Oh boy, have we learned some hard lessons this year. From what we can tell, our experiences in building a house are predictable, which is pretty frustrating, to say the least. But regardless of how many wrenches are thrown at our heads, we have continued to dodge, duck, dip, dive, and dodge!

Let's see; since our last update, we've continued to install InSoFast panels to the exterior shell of the shipping containers to get the base layer of insulation. Then we add additional rigid foam insulation to meet the energy code requirements. There are three basic ways to insulate shipping containers, all inside, outside, or both interior and exterior. We chose to insulate all on the shell to capitalize on the unique details available in shipping containers that you wouldn't find in traditional stick-frame home construction.

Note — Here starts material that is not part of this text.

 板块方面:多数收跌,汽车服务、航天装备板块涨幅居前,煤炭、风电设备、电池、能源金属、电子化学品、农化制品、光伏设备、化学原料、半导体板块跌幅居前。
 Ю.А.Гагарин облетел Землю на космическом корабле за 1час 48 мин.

After completing insulation (most of the house is insulated, we still have a few areas to tackle), we've applied waterproofing tape to our seams and begun wrapping the house in Tyvek.

We've waterproofed and installed 33 windows and sliding doors. The oh-so-clever Jason constructed a davit to hoist the windows to our upper level, which was no easy feat considering our heaviest window was over 300lbs! Thankfully, we had some help from some kickass neighbors and friends for the heavier windows to help us lift and act as a counter-weight.

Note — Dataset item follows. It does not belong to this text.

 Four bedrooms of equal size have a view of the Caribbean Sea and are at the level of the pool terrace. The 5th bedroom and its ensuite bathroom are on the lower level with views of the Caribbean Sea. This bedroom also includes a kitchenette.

"We have stairs!" Jason built a beautiful staircase from Parallam beams, and we've all enjoyed not having to use a ladder to climb to our upper floor.

We've also had plumbers, electricians, and fireplace installers onsite and will share more details about that in our next post.

03 / 25 / 2021

To save as much construction cost as possible, we came into this project planning to take on many of the tasks ourselves. Interior framing, for example, has been in our scope, with exterior framing to be tackled by our contractor. Fortunately, we had some helping hands chip in to expedite interior framing and used the experience as an educational opportunity for fellow architects.

Roofing was to be framed by the contractor, with roofing professionals installing the roofing insulation and single-ply PVC membrane on top. Framers laid down the beautiful wood car decking over our atrium (which is our exposed ceiling) and built the framing for insulation on top of the containers. After a bit of a delay and to get the job done, we took on the additional (contractor-changed) scope to add a second sloped roof above the car decking. But at least now, we can rest assured that the house will no longer rain on us.

02 / 23 / 2021

When people tell you that building your house is stressful, they aren't effing kidding. There has been a lot of profanity, a lot of stress, and many sleepless nights. We could go off the rails bitching about this process, but we'll save that for when it's all over, and we can reflect with clearer minds.

We will say that there was very little progress for almost three months, much to our extreme disappointment and dismay. We finally started seeing some momentum again with the much-awaited installation of steel beams in our living room. Regardless of the delay, we are hopeful that we will meet our summer move-in goal, though that means the next couple of months will be hell.

In the meantime, we have a wood-framed garage, our atrium space has steel beams and columns (finally) welded into position, and some wood in-fill framing between the steel structure. We rented a boom forklift (David and Jason got to drive it!) and a manual material lift to install the beams and steel columns. Welders were onsite for a few days to get everything installed.

Next up, we'll have roof/exterior framing and then roof construction, so we can get moving on plumbing, electrical, and windows installation.